# Importing Data Using Pandas

## Introduction

Pandas is a popular library for efficiently wrangling data. Pandas is particularly optimized to work with two-dimensional tabular data that is organized in rows and columns. In this lesson, you will learn how to import tabular data as a Pandas DataFrame object, how to access and manipulate the data in DataFrame objects, and how to export DataFrames to some common file formats. 

For more information on Pandas, refer to https://pandas.pydata.org/pandas-docs/stable/ .

## Objectives
You will be able to:
- Import data from csv files and Excel files
- Understand and explain key arguments for imports
- Save information to csv and Excel files
- Access data within a Pandas DataFrame (print() and .head())

## Loading Pandas
![pleasedont](https://media.giphy.com/media/5zjdLoaVHKHuhQdtRF/giphy.gif)

When importing Pandas, it is standard to import it under the alias `pd`

In [1]:
import pandas as pd  # pd is an alias

## Importing Data

There are a few main functions for importing data into a Pandas DataFrame including:

* `pd.read_csv()`
* `pd.read_excel()`
* `pd.read_json()`
* `pd.DataFrame.from_dict()`

Most of these methods are fairly straightforward; you use `read_csv()` for csv files, `read_excel()` for excel files (both new and old `.xlx` and `.xlsx` formats), and `read_json()` for json files. That said, there are a few nuances you should know about. The first is that the `read_csv()` format can be used for any plain-text delimited file. This may include (but is not limited to) pipe (|) delimited files (`.psv`) and tab separated files (`.tsv`).

Let's look at an example by investigating a file, `'bp.txt'`, stored in the `Data` folder.

In [2]:
data = pd.read_csv("../data/bp.txt")
data.head()

Unnamed: 0,Pt\tBP\tAge\tWeight\tBSA\tDur\tPulse\tStress
0,1\t105\t47\t85.4\t1.75\t5.1\t63\t33
1,2\t115\t49\t94.2\t2.10\t3.8\t70\t14
2,3\t116\t49\t95.3\t1.98\t8.2\t72\t10
3,4\t117\t50\t94.7\t2.01\t5.8\t73\t99
4,5\t112\t51\t89.4\t1.89\t7.0\t72\t95


In [3]:
data = pd.read_csv("../data/bp.txt" , delimiter="\t")
data.head()

Unnamed: 0,Pt,BP,Age,Weight,BSA,Dur,Pulse,Stress
0,1,105,47,85.4,1.75,5.1,63,33
1,2,115,49,94.2,2.1,3.8,70,14
2,3,116,49,95.3,1.98,8.2,72,10
3,4,117,50,94.7,2.01,5.8,73,99
4,5,112,51,89.4,1.89,7.0,72,95


+ We've now loaded the data from a file into a DataFrame.

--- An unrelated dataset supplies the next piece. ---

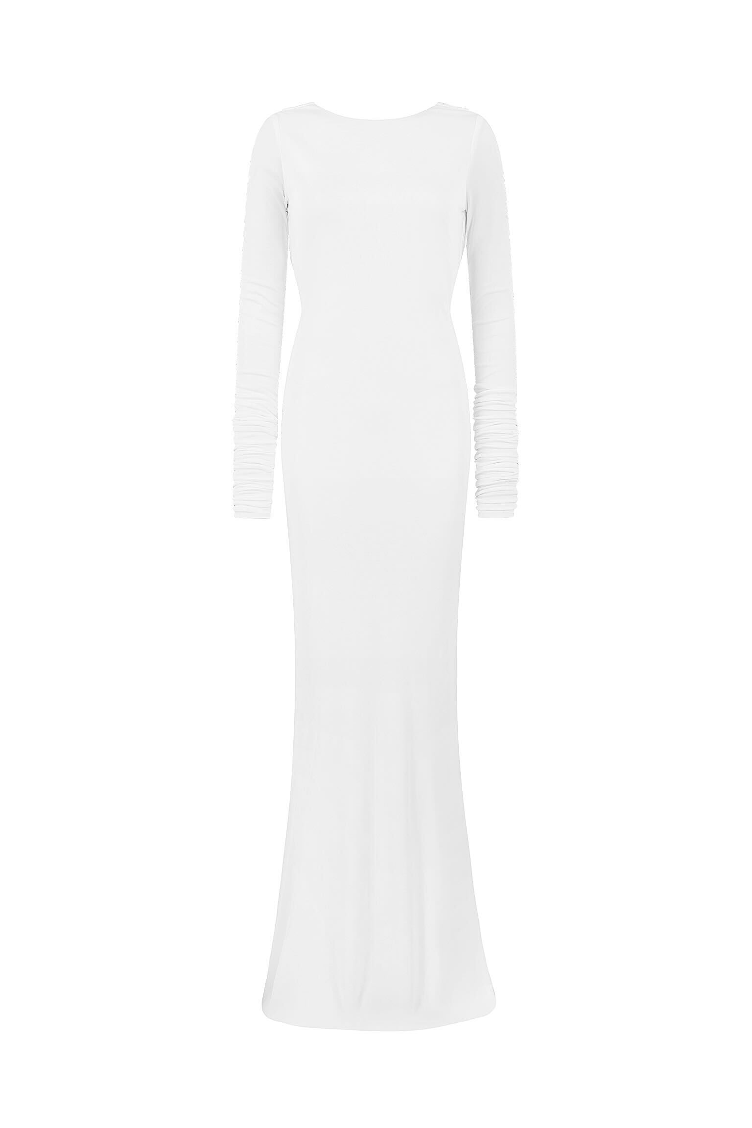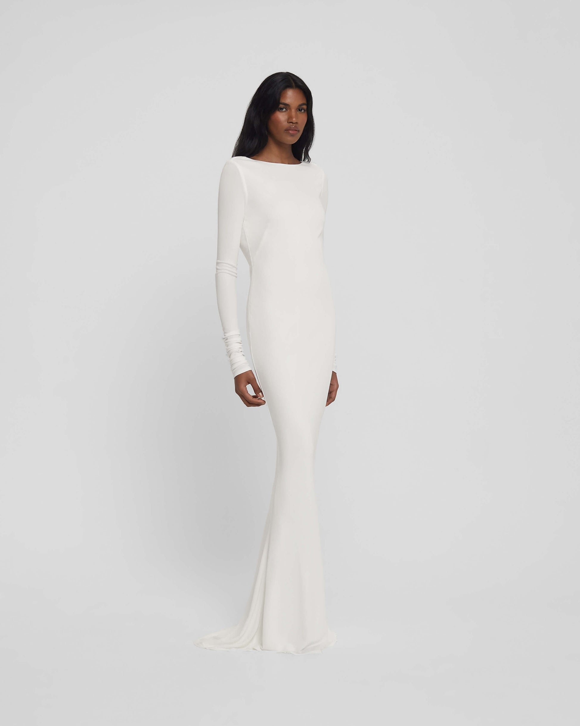 A high-grade double-layered jersey is masterfully draped to reveal and conceal. Rodeo may appear demure at first glance but with an elegant spin, she reveals a daringly cut low back.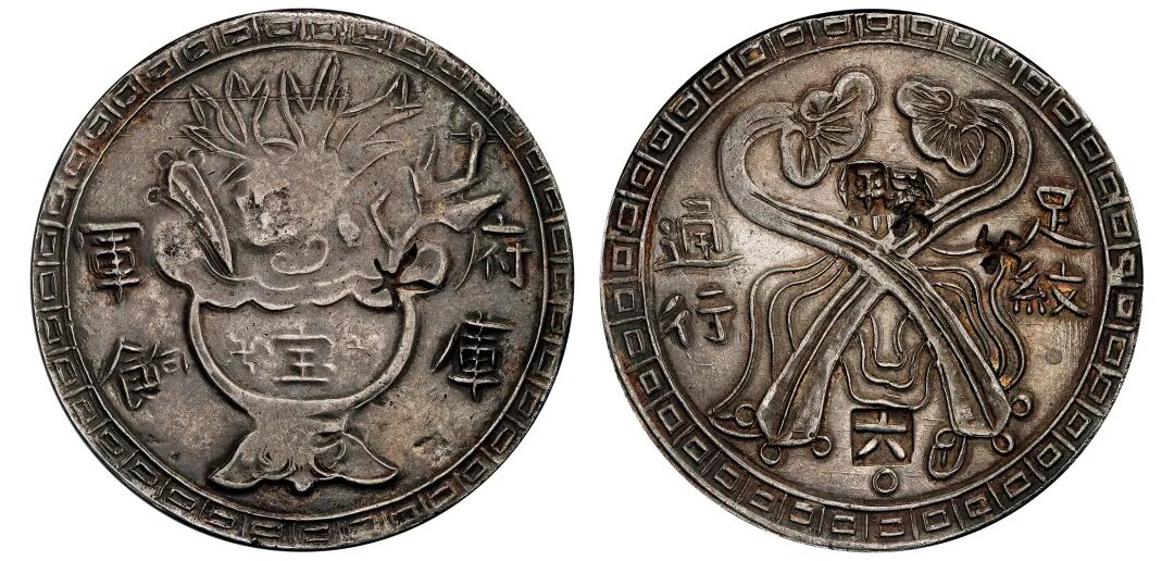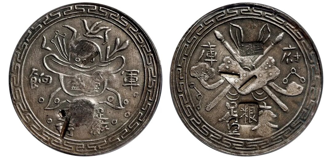 道光十八年(1838),台湾府在台南首铸“老公银”流通于市,系台湾地区最早的圆形银货币,铸期十余年,因使用粗制铁模打造,模具寿命不长,修模频繁,故有多种版式。而“如意”“笔宝”银饼,则是咸丰三年(1853)台湾府应“林恭事变”之需铸造,铸行时间短暂,且大多被熔毁改铸,时至今日已十分少见。是次春拍,上述三种台湾银饼齐聚,“老公银”无任何流通戳记,以PCGS唯一MS级评分傲视群雄;“如意”“笔宝”亦验印极少,底版基本完好,品相拔众,多品种精品同现机遇难逢。

To investigate the DataFrame, we can use a method called `.head(n)` or `.tail(n)`, which will respectively return first and last __n__ items in the DataFrame.

In [6]:
data.head(3)

Unnamed: 0,Pt,BP,Age,Weight,BSA,Dur,Pulse,Stress
0,1,105,47,85.4,1.75,5.1,63,33
1,2,115,49,94.2,2.1,3.8,70,14
2,3,116,49,95.3,1.98,8.2,72,10


In [7]:
data.tail(2)

Unnamed: 0,Pt,BP,Age,Weight,BSA,Dur,Pulse,Stress
18,19,110,48,90.5,1.88,9.0,71,99
19,20,122,56,95.7,2.09,7.0,75,99


This example shows that the data was tab delimited (`\t`), so an appropriate file extension could have also been `.tsv`. Once we've loaded the dataset, we can export it to any format we would like with the related methods:

* `df.to_csv()`
* `df.to_excel()`
* `df.to_json()`
* `df.to_dict()`

There are also several other options available, but these are the most common.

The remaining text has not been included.